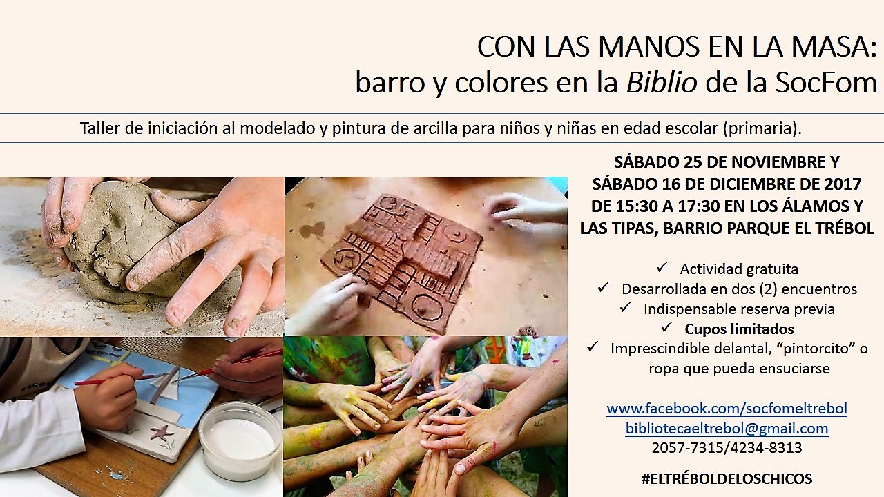 Barro y colores en el taller de iniciación al modelado y pintura de arcilla. BP 4357, Barrio Parque El Trébol, Provincia de Buenos Aires
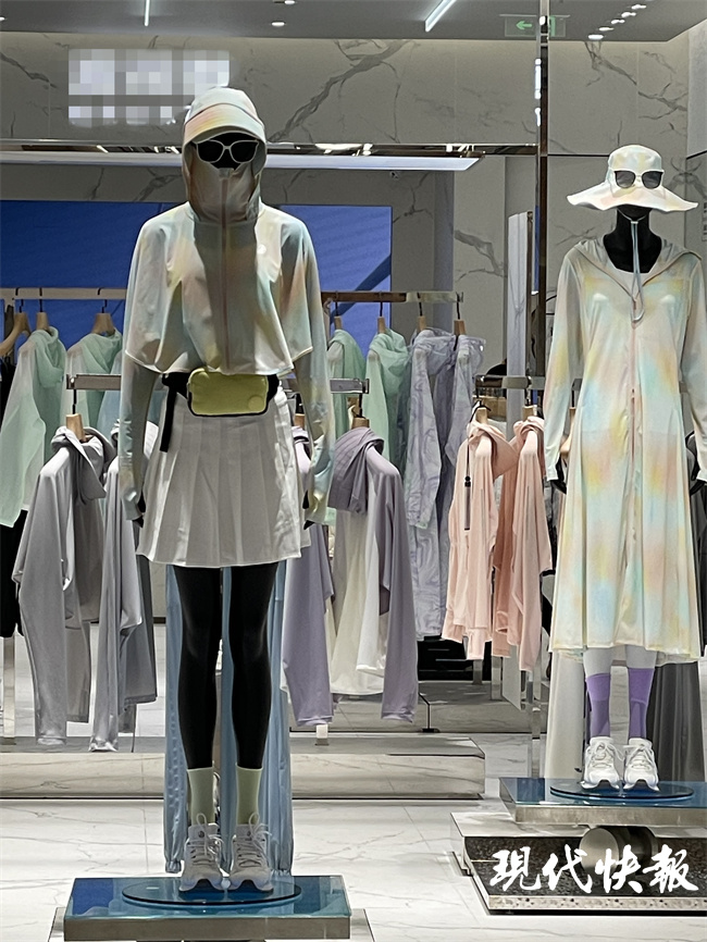 5月10日,现代快报记者在南京雨花台区一综合性商场内,很容易就找到了三家售卖防晒衣的门店,它们之中有专门做服装的品牌店铺,也有小商品集合店铺。
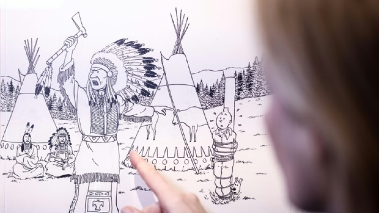 Et handelt sech dobäi ëm d’Titelblat vum Comic “Tintin en Amérique”, deen 1932 fir d’éischte Kéier publizéiert gouf. Dëse gouf an der Vergaangenheet kritiséiert, well déi indigeen amerikanesch Bevëlkerung stereotyp duergestallt gëtt.
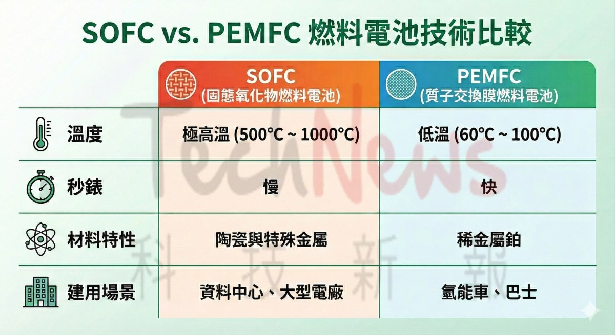 雖然 SOFC 與車用常見的 PEMFC 同屬氫能燃料電池,但應用場景截然不同。PEMFC 以低溫(100度以下)運作、啟動快速為特點,適合需要頻繁啟停的交通工具;相較之下,SOFC 採高溫運作,啟動時間較長,但具備極高的發電效率。
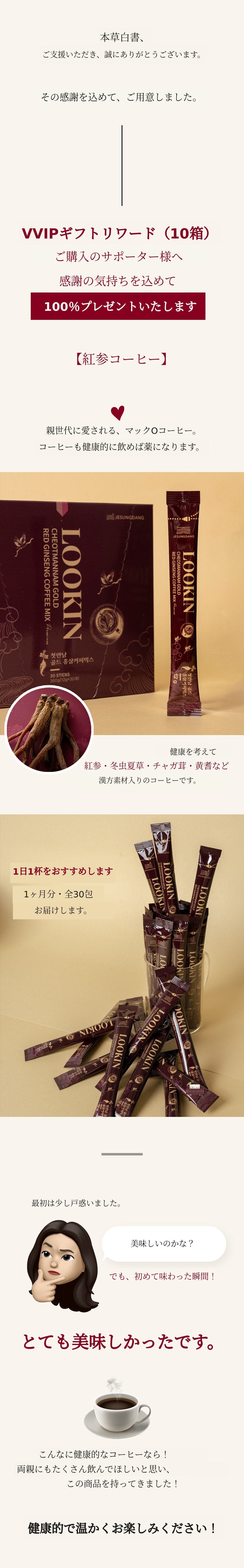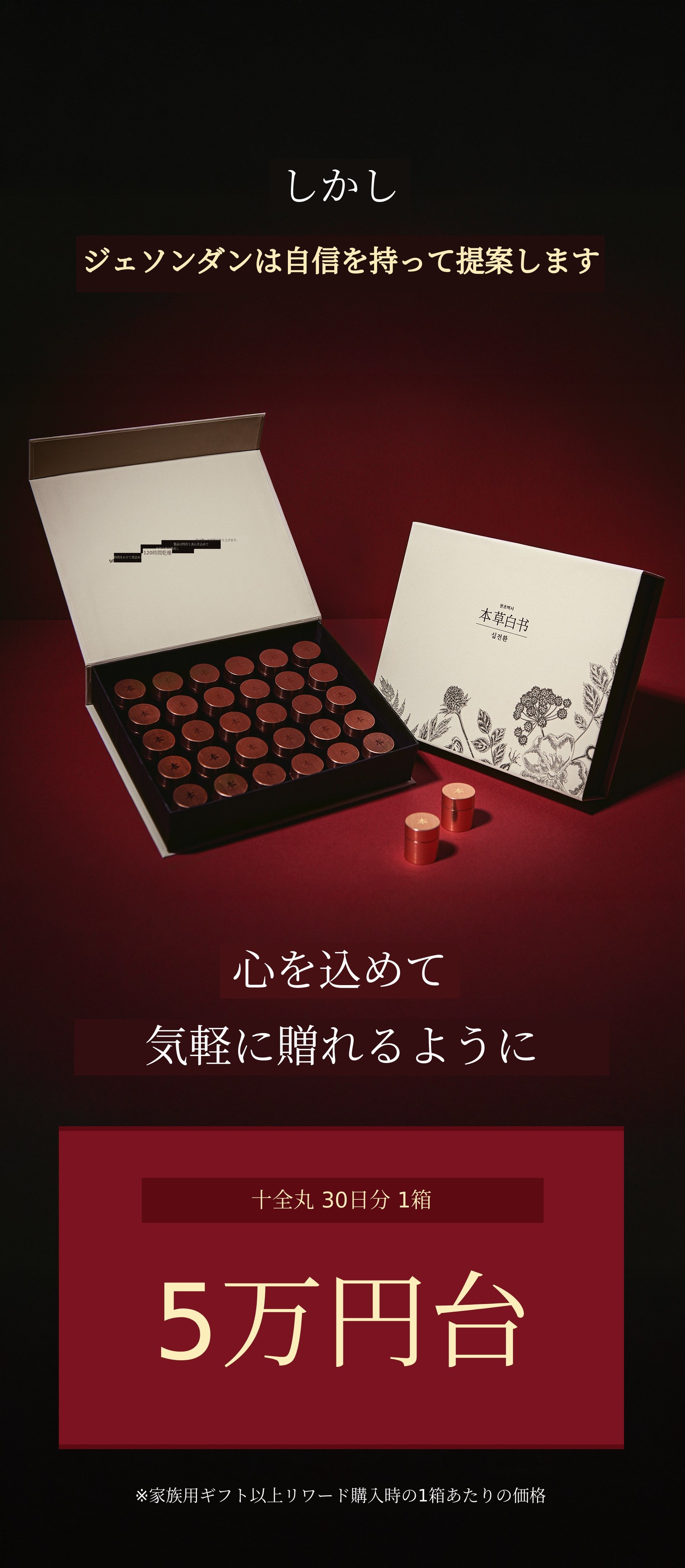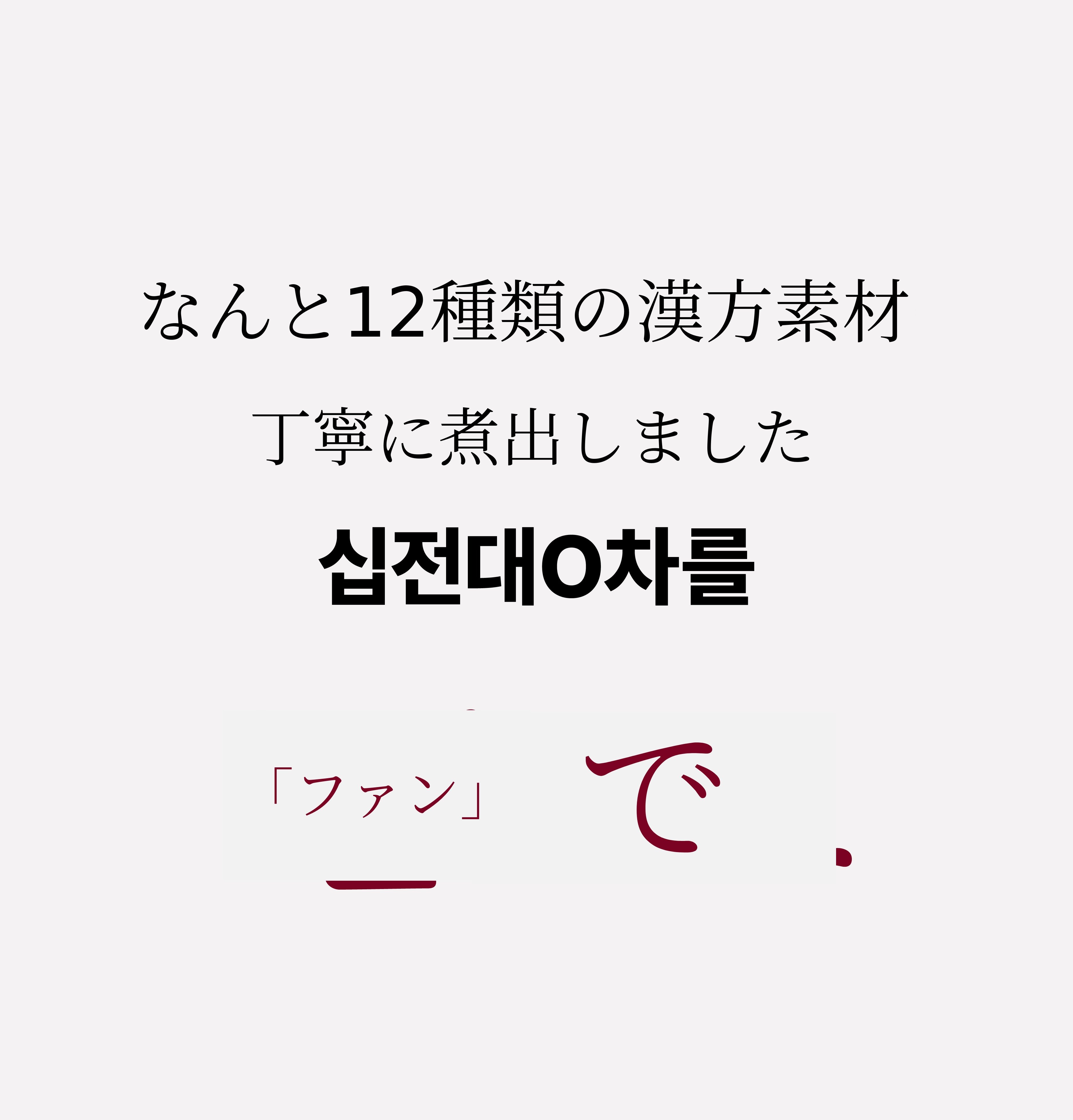 そこで今回は、十全丸という特許技術で認められた製品を、もう一度サポーターの皆様にお見せしたいと思いました。そして漢方医院に行かないと食べられないこの製品を、合理的な価格で多くの方にぜひ召し上がっていただき、皆様が健康であってほしいという思いで自信を持って作りました。自分自身はもちろん、周りの大切な方々への貴重な贈り物になれば幸いです。

_Task requirements_
Your answer should be the lines from the opening of the records through the line with "5月10日,现代快报记者在南", both ends retyped exactly and pictures left out.

_The completed task_
 Barro y colores en el taller de iniciación al modelado y pintura de arcilla. BP 4357, Barrio Parque El Trébol, Provincia de Buenos Aires
 5月10日,现代快报记者在南京雨花台区一综合性商场内,很容易就找到了三家售卖防晒衣的门店,它们之中有专门做服装的品牌店铺,也有小商品集合店铺。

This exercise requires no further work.